May 5, 2014 at 12:48 am

Hope and change have been the defining slogans of Barack Obama’s political career. In his inimitable way he has now convinced the American electorate twice that he is capable of ushering in a new era in their country’s history. In the Middle East, however, and Palestine in particular, there is little hope of any change during his second term.

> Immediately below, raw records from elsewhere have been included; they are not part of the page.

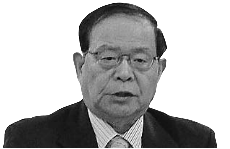
橋尾 哲夫 議員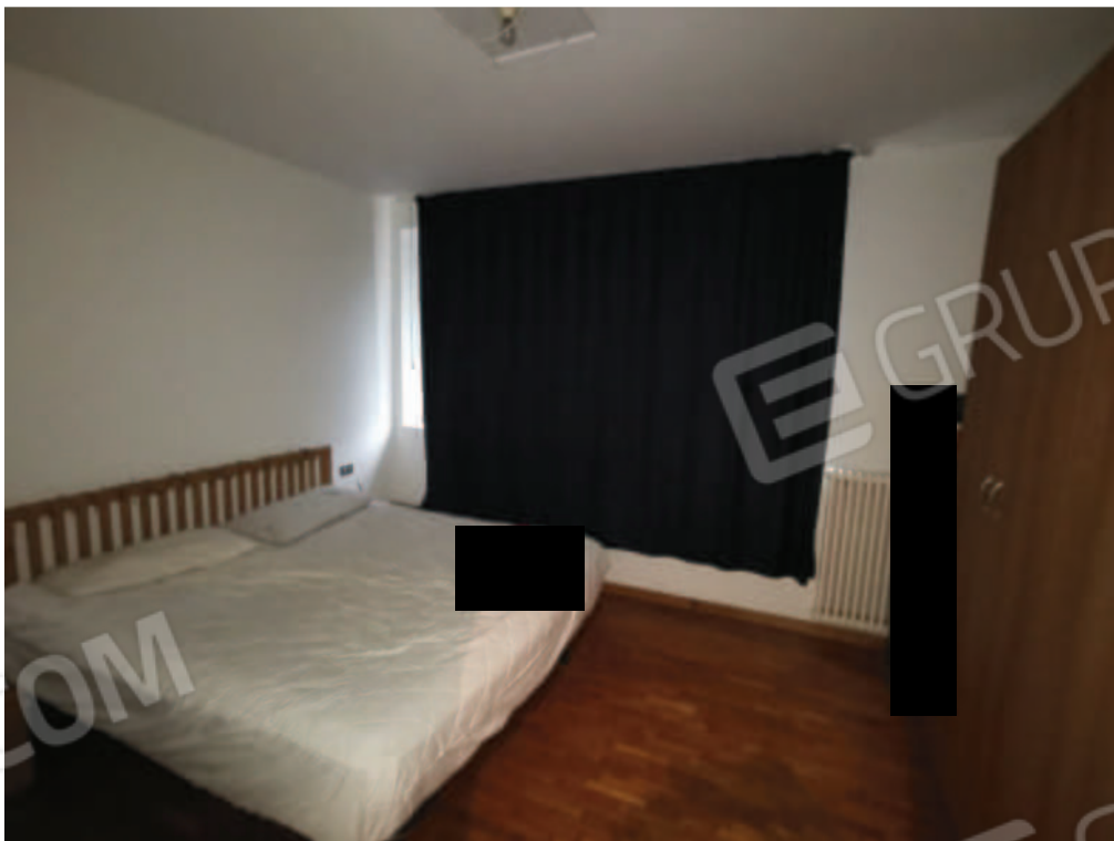
IMMAGINE 6 - particolare interno appartamento (vano letto)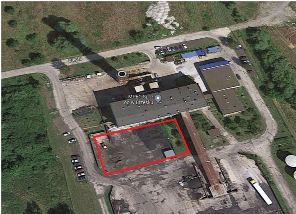
Rysunek 3. Proponowana lokalizacja planowanych obiektów budowlanych do wykonania w ramach inwestycji.

Obecnie na działce o nr 1387/8 w mieście Brzesko znajduje się kotłownia węglowa, wraz z infrastrukturą towarzyszącą. Wokół kotłowni znajdują się drogi wewnętrzne tworzące spójny układ komunikacyjny. Od strony południowej budynku kotłowni znajduje się plac węglowy. Od strony zachodniej ściany budynku kotłowni znajdują się instalacja odzulfiania kotłów WR-25, a od strony ściany północnej instalacja odpylania spalin wraz z kominem.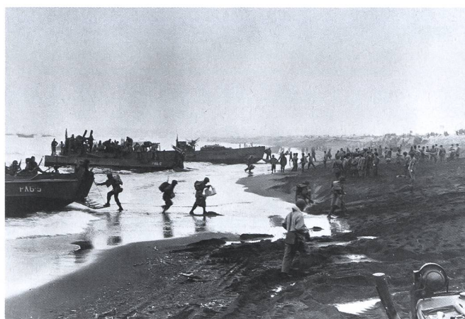
Angelandete US-Soldaten am Strand von Massace Bay auf Attu.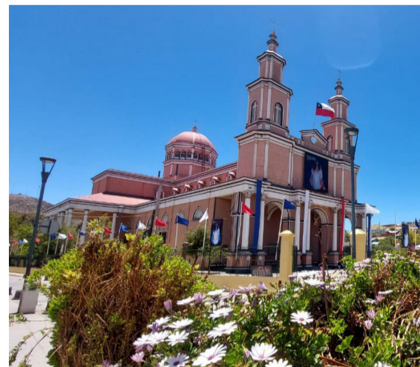
Los patrimonios de Andacollo en las fotografías de los estudiantes del taller.

Alrededor de 500 estudiantes participaron en los 12 talleres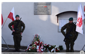
Odsłonięcie tablicy upamiętniającej działaczy antykomunistycznych - Nysa, 12 grudnia 2021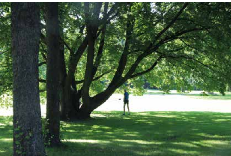
De oude eik en plataan van statuur

While the Republican-dominated Congress will continue to challenge his domestic policies, a body of opinion suggests that Mr Obama will have relatively more room to manoeuvre in foreign affairs. Whether he chooses to exploit this fully or not, it goes without saying that Israel’s security, prosperity and strategic advantage over its Arab neighbours will remain the cornerstone of US policy in the region. Both Obama and his rival, Mitt Romney, reaffirmed this time and again throughout their election campaigns.

 


In reality, the style of US presidents may vary but in essence their policies are all determined by the same permanent national interests. Even so, there was resounding satisfaction across the Middle East with Obama’s victory, one that was shared by Europe and Asia. The prevalent view is that a victory for Romney would have cleared the way for the return for the notorious neo-cons and the rise of the extremist Tea Party faction of the Republican Party.

 

The strong sense of relief has been encouraged by the fact that Israel’s Prime Minister, Benjamin Netanyahu, had supported Romney openly. The latter’s defeat is, therefore, nothing short of a public humiliation for the Israeli leader.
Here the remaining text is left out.